É importante esse procedimento de validação uma vez que, em uma pesquisa de caráter empírico, faz-se necessário garantir que os produtos de uma análise textual sejam válidos e confiáveis (MORAES, 2003). De acordo com Moraes (2003), o pesquisador pretende refinar a concepção dos fenômenos que investiga a partir de conexões entre os dados empíricos e as teorias que orientam suas interpretações. Ademais, através do conjunto de categorias construídas e das relações entre elas, o pesquisador exercita interlocuções teóricas, bem como a capacidade de abstração e teorização em relação ao fenômeno em estudo.
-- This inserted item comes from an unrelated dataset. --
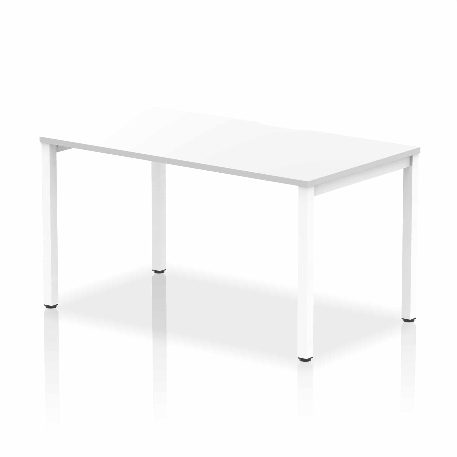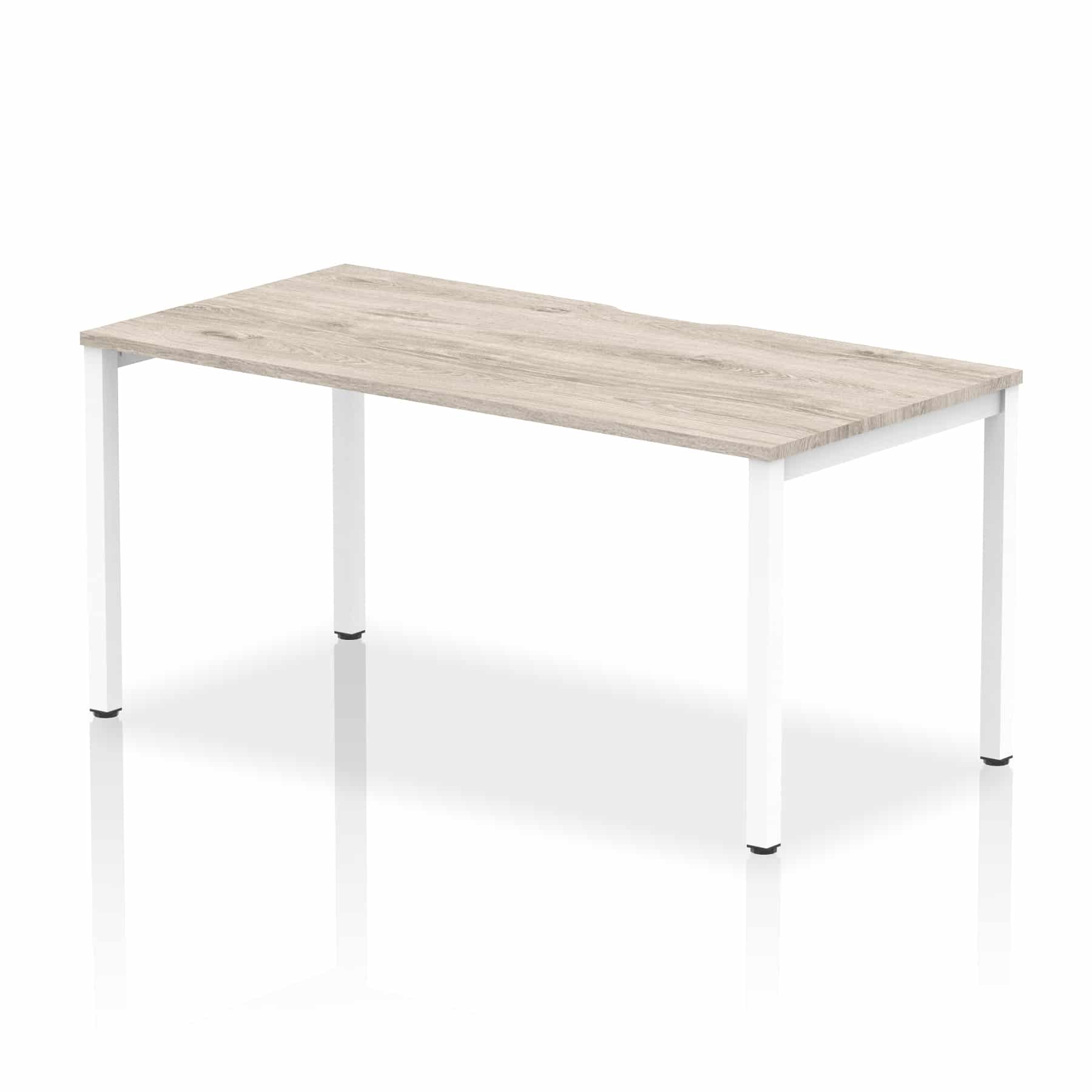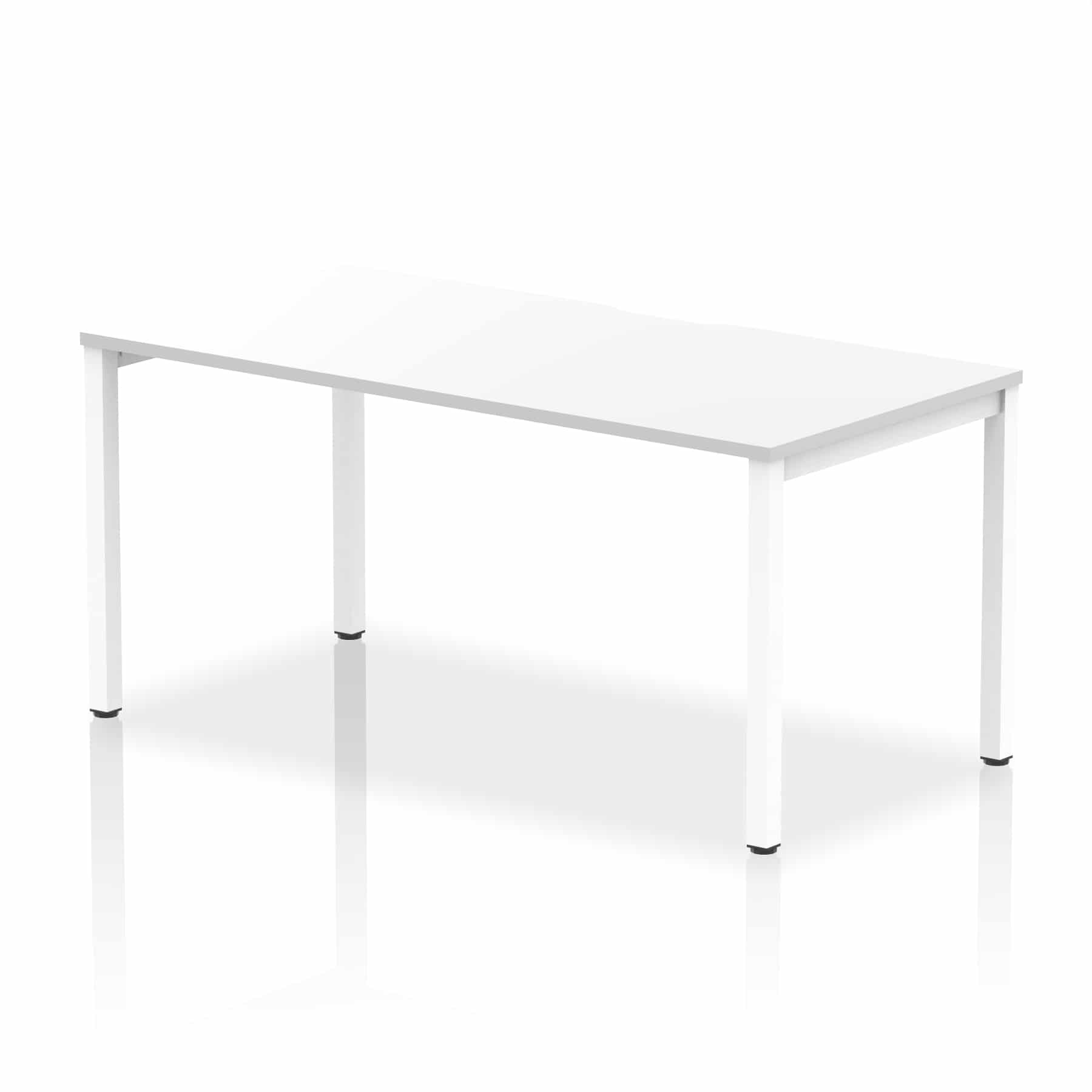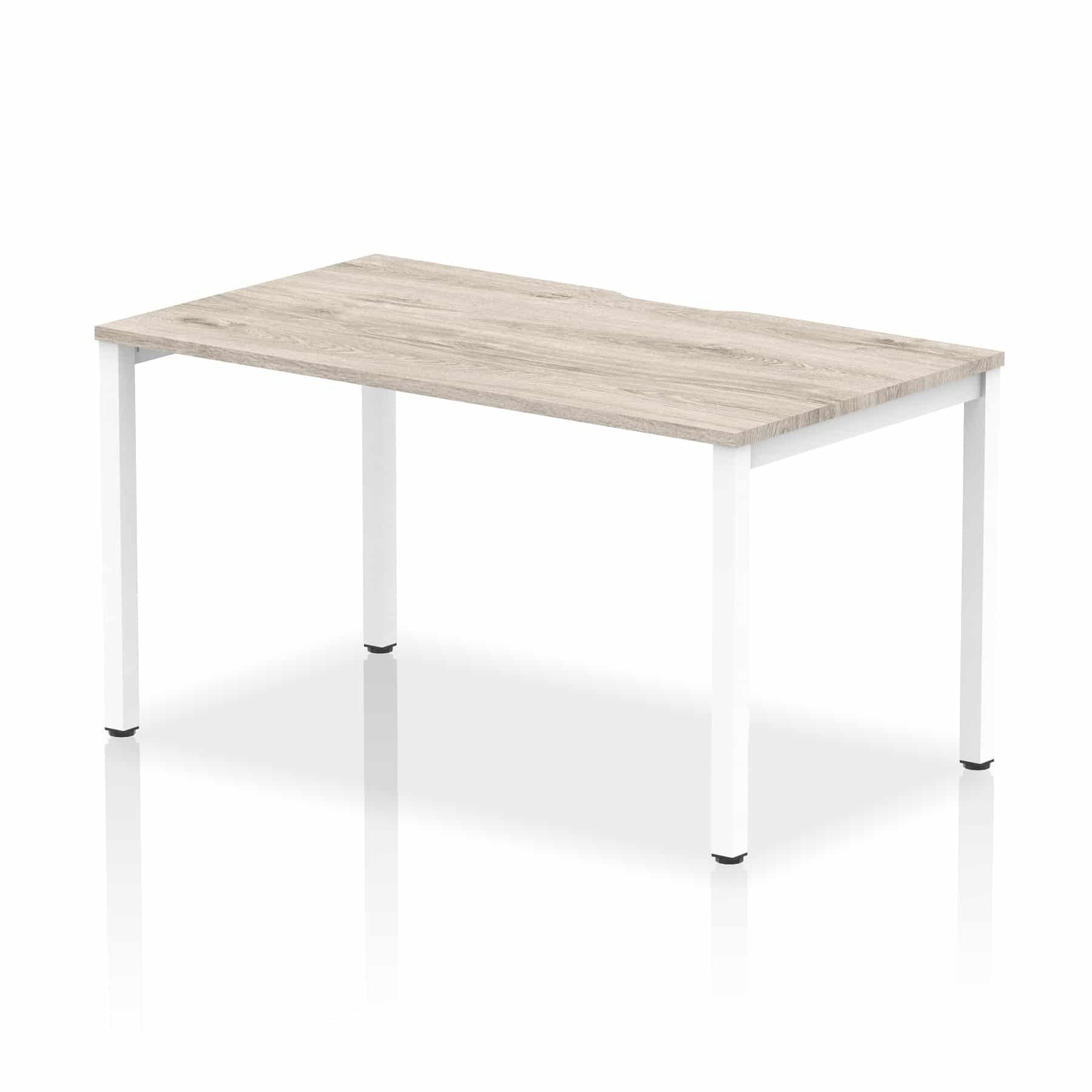 Future proof your desking solutions with the system that can grow, reduce or alter shape easily and without fuss. Seamlessly creating the perfect team working environment, the Evolve Plus bench desking system is stunningly designed and creatively engineered. Bench systems provide a large expanse of workspace with a continuous, uninterrupted surface area.nnCoupled with a wide selection of wood finished sliding tops, Evolve Plus matches our storage and Impulse ranges. This is the desking solution that evolves with your business needs.nnConjoinable frame system allows for easy adaptability • Stylish powder coated goal post leg design • Lockable sliding top mechanism for easy access • Scalloped back edge for easy cable management • 18mm thick tops with 2mm protective edging • Adjustable Feet • Choice of 6 wood finishes and 3 leg colours • Weight Capacity: 135Kg

Esse processo pode contribuir para a ampliação do campo teórico, inclusive a partir da proposição de teorias emergentes.

Para realizar tal procedimento, formaram-se três grupos composto por dois juízes, sendo que um dos cinco juízes convidados para participar desta fase da investigação pertenceu a dois grupos distintos. Cada juiz avaliou um conjunto de 5 questões, em que para cada uma delas haviam 10 respostas retiradas do universo de respostas coletadas a partir dos questionários aplicados aos 237 estudantes. Isto significa que 150 respostas no total foram analisadas.

O Quadro 11 exemplifica o material enviado para os cinco juízes. Neste exemplo, expomos apenas uma questão (A6) e uma amostra de cinco respostas apresentadas pelos estudantes.

O índice de concordância entre os avaliadores e os dados atribuídos pela pesquisadora foi determinado através do coeficiente de Kendall. Tal coeficiente é utilizado quando as variáveis são classificadas como consideradas categóricas e ordinais. Portanto, o coeficiente de concordância de Kendall ( ) pode ser empregado para avaliar o grau em que juízes fornecem um ranking comum a um conjunto de objetos (LEGENDRE, 2005).